Why not rig up a DIY CO2 kit to pump CO2 into the propagator to get some fresh 'air' in?  One of my profs at uni was looking at the effects of elevated atmospheric CO2 on terrestrial plants and he found levels up to twice todays levels produced great effects with plant growth!  Might be worth a try?  The excess air will leak away from the gaps in the propagator and you could always open the vents at night when they don't need to CO2.


----------



## glenn (14 Sep 2009)

thanks for the great idea ed, im glad i kept the yeast and bottle with airline. but last time i made it with warm water and yeast in the bottle, once the yeast cooled down it stoped producing co2 so i stoped it. any ideas why?


----------



## Nick16 (14 Sep 2009)

spray misters are well worth it, you can get them from 99p from shops like poundland and allsorts!!!


----------



## glenn (14 Sep 2009)

Nick16 said:
			
		

> spray misters are well worth it, you can get them from 99p from shops like poundland and allsorts!!!

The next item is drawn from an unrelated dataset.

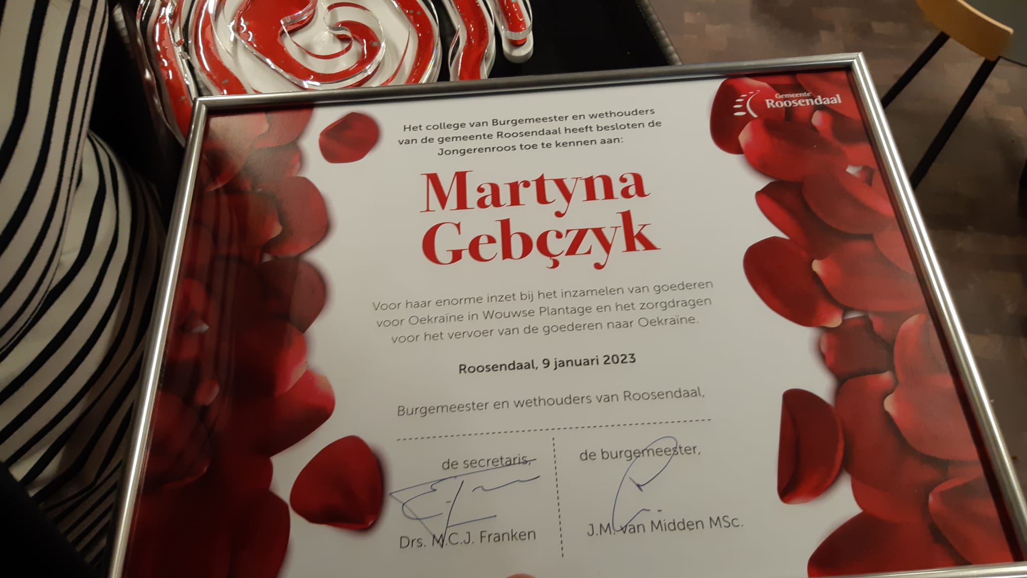 Martyna Gebçzyk, Luc de Waal en Kimberly den Ouden hebben de Jongerenroos gekregen. Luc was niet aanwezig, dus nam zijn zus de Jongerenroos in ontvangst.

yeah i have 2 misters, one with macro in and one with trace in. then a couple of sprays a day.


----------



## Ed Seeley (14 Sep 2009)

glenn said:
			
		

> thanks for the great idea ed, im glad i kept the yeast and bottle with airline. but last time i made it with warm water and yeast in the bottle, once the yeast cooled down it stoped producing co2 so i stoped it. any ideas why?



Two guesses.  Either the water was too warm and killed the yeast or you got old, rubbish yeast!  I've found the little tubs of cheap bread yeast the best so far, rather than the little packs - don't know why!  

Did you also put baking soda in?  It helps keep the CO2 production going IME.


----------



## aaronnorth (15 Sep 2009)

marmite is supposed to be a better alternative. more CO2 is produced for a longer length of time.


----------



## mr. luke (16 Sep 2009)

Misting is 100% un-necisary ime......
As is the extra dosing   i just dump syring full of all in one fert every month or so into my hc set-up


----------